**Instructions for the task:** In the entries below, begin at the line that has "2022年11月14日,永利", stop after the line that has "Calm defines the", and output those lines exactly with no pictures.

**Given records:**
··········

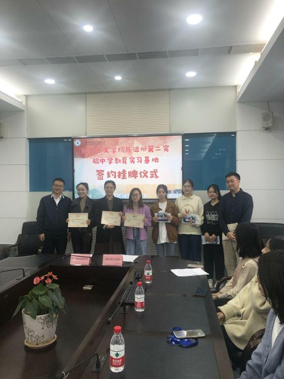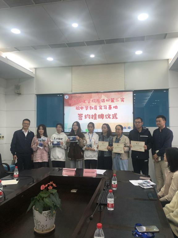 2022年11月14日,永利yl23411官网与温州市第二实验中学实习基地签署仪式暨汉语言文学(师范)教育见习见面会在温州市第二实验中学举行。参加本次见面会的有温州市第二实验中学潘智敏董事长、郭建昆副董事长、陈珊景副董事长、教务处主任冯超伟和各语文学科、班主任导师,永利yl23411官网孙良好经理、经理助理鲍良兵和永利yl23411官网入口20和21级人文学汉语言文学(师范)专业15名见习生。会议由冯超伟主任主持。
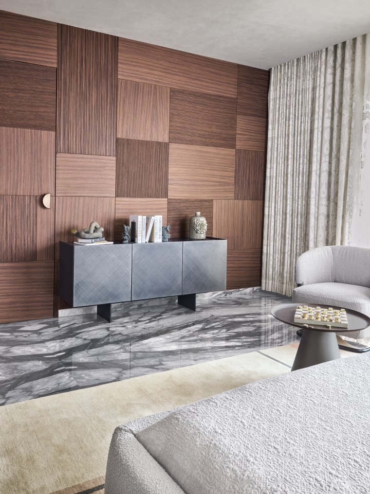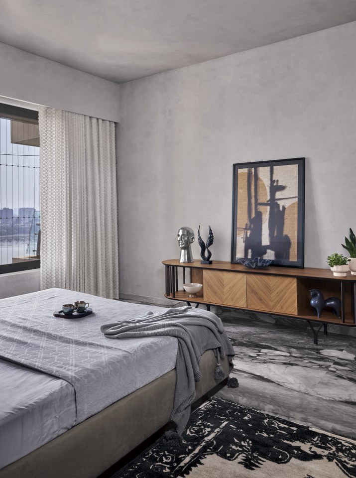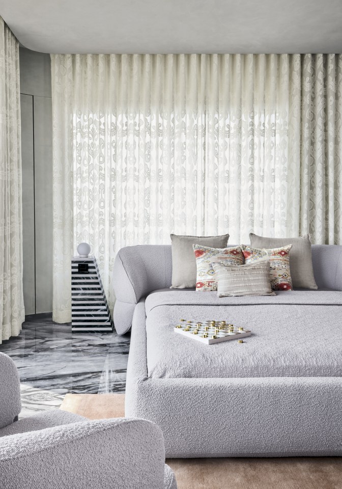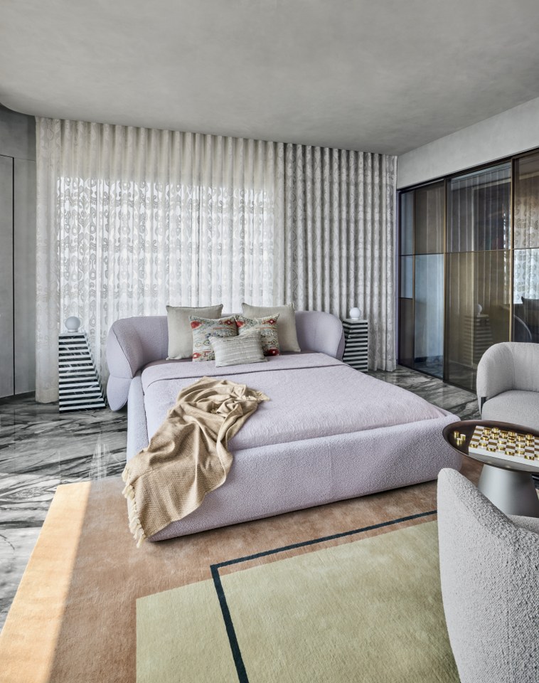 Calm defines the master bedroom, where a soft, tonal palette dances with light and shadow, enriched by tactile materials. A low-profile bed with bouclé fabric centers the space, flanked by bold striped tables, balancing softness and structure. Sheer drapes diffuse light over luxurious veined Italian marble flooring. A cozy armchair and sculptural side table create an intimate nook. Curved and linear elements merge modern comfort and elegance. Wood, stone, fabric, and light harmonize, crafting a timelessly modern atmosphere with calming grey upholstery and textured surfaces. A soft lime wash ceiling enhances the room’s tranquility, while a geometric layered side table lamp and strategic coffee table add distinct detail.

··········

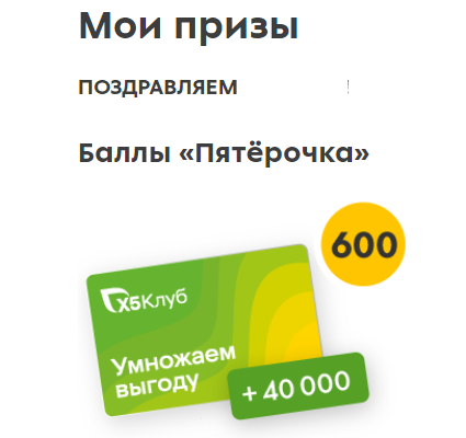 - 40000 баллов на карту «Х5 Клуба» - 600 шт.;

··········

**Task result:**
 2022年11月14日,永利yl23411官网与温州市第二实验中学实习基地签署仪式暨汉语言文学(师范)教育见习见面会在温州市第二实验中学举行。参加本次见面会的有温州市第二实验中学潘智敏董事长、郭建昆副董事长、陈珊景副董事长、教务处主任冯超伟和各语文学科、班主任导师,永利yl23411官网孙良好经理、经理助理鲍良兵和永利yl23411官网入口20和21级人文学汉语言文学(师范)专业15名见习生。会议由冯超伟主任主持。
 Calm defines the master bedroom, where a soft, tonal palette dances with light and shadow, enriched by tactile materials. A low-profile bed with bouclé fabric centers the space, flanked by bold striped tables, balancing softness and structure. Sheer drapes diffuse light over luxurious veined Italian marble flooring. A cozy armchair and sculptural side table create an intimate nook. Curved and linear elements merge modern comfort and elegance. Wood, stone, fabric, and light harmonize, crafting a timelessly modern atmosphere with calming grey upholstery and textured surfaces. A soft lime wash ceiling enhances the room’s tranquility, while a geometric layered side table lamp and strategic coffee table add distinct detail.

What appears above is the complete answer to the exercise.